How do I get it so that a certain email address I have stays in my phone's memory and I don't have to type it in every time. One of them stays in but not another. And I have autofill selected.


----------



## britechguy (Dec 6, 2019)

A lot more detail is needed about exactly where and when you are entering each of the addresses, respectively.

Autofill is generally program specific, and there are some that intentionally don't support it (though those are few).


----------



## steve32mids (Jun 27, 2012)

are you using it to login ? Or send emails? 

using chrome to save emails to login,, sync with pc and phone login to the phone with the gmail account which you saved on pc the phone will have all emails synced to them when you login to chrome on the phone.

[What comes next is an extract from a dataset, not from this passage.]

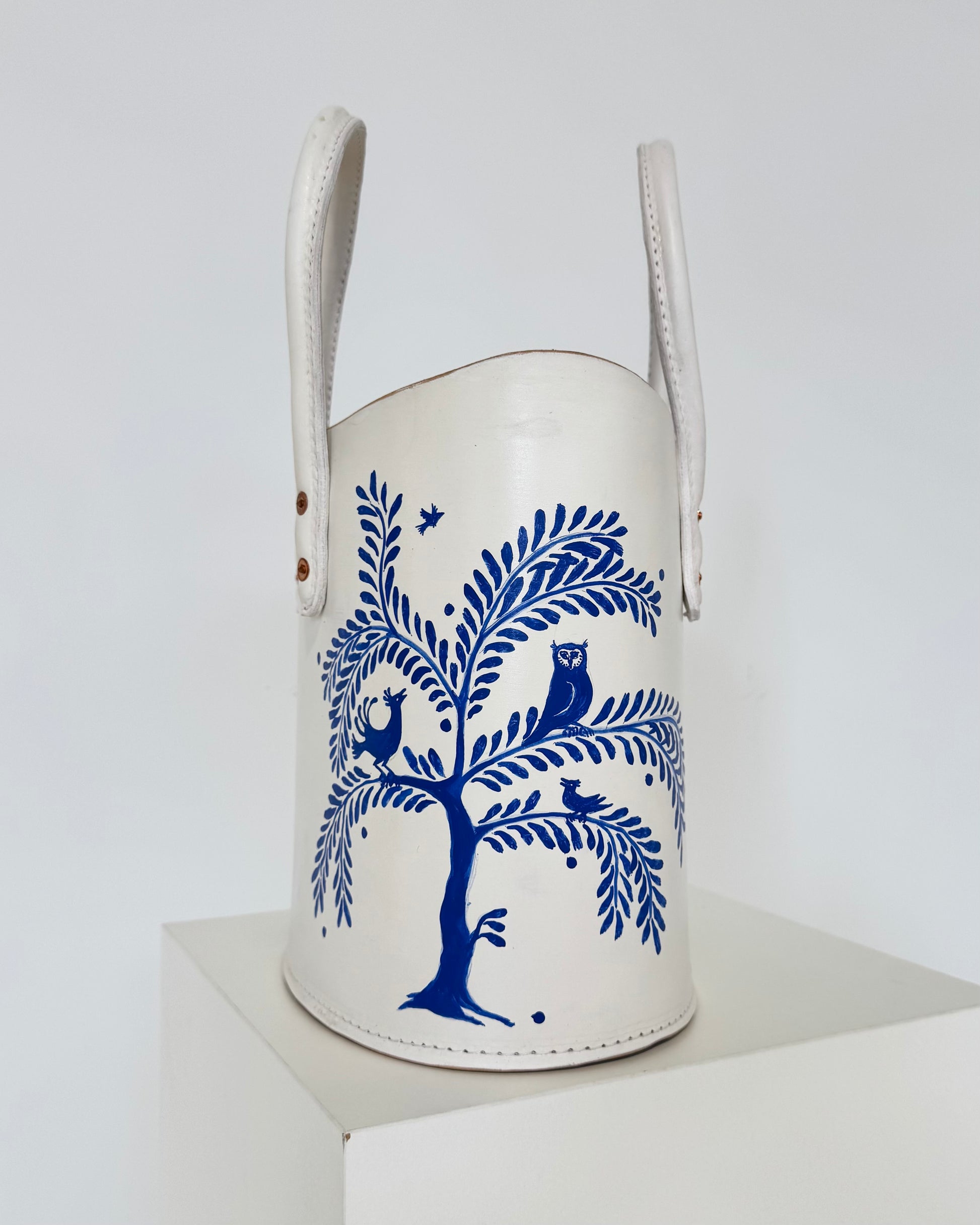 The Leather | We begin with the highest grade of full-grain, vegetable-tanned leather—carefully selected for its clean, unblemished surface. This leather is tanned using traditional, time-intensive methods to preserve its natural integrity. Each hide is then hand-painted in a durable white leather pigment. Once painted, the leather becomes like a perfectly prepared canvas—smooth, luminous, and ready to receive artwork.

Or add the emails to contacts then copy and paste or save it in a memo or txt message copy and paste.


----------



## usingpc (Aug 29, 2015)

It's a website that I have to log into a lot.


----------



## Stancestans (Apr 26, 2009)

Using Safari or some other browser?


----------



## usingpc (Aug 29, 2015)

Yeah, Safari. I didn't know I had a choice with iphones.


----------



## Stancestans (Apr 26, 2009)

usingpc said:


> Yeah, Safari. I didn't know I had a choice with iphones.


Wow! :facepalm:. That's just sad :nonono: :frown:

You've got lots of options. Chrome, Firefox, Edge, Brave, Opera...


----------



## usingpc (Aug 29, 2015)

Stancestans said:


> Wow! :facepalm:. That's just sad :nonono: :frown:
> 
> You've got lots of options. Chrome, Firefox, Edge, Brave, Opera...


I've never seen them on the iphone. So you're supposed to download them and ignore safari?


----------



## britechguy (Dec 6, 2019)

usingpc said:


> I've never seen them on the iphone. So you're supposed to download them and ignore safari?


Yup, just as I do with the built-in browser on my Android-powered phone.

I've been using the Brave and Adblock Plus browsers for ages now. And I use Brave on the PC as well.


----------



## Stancestans (Apr 26, 2009)

usingpc said:


> I've never seen them on the iphone. So you're supposed to download them and ignore safari?


I wouldn't say "supposed to" because it all comes down to what you prefer or what works for you. Like I said, you've got options, or in other words, you DON'T HAVE TO use Safari. There's a native app for accessing the Apple app store, use it to find and install additional apps.


----------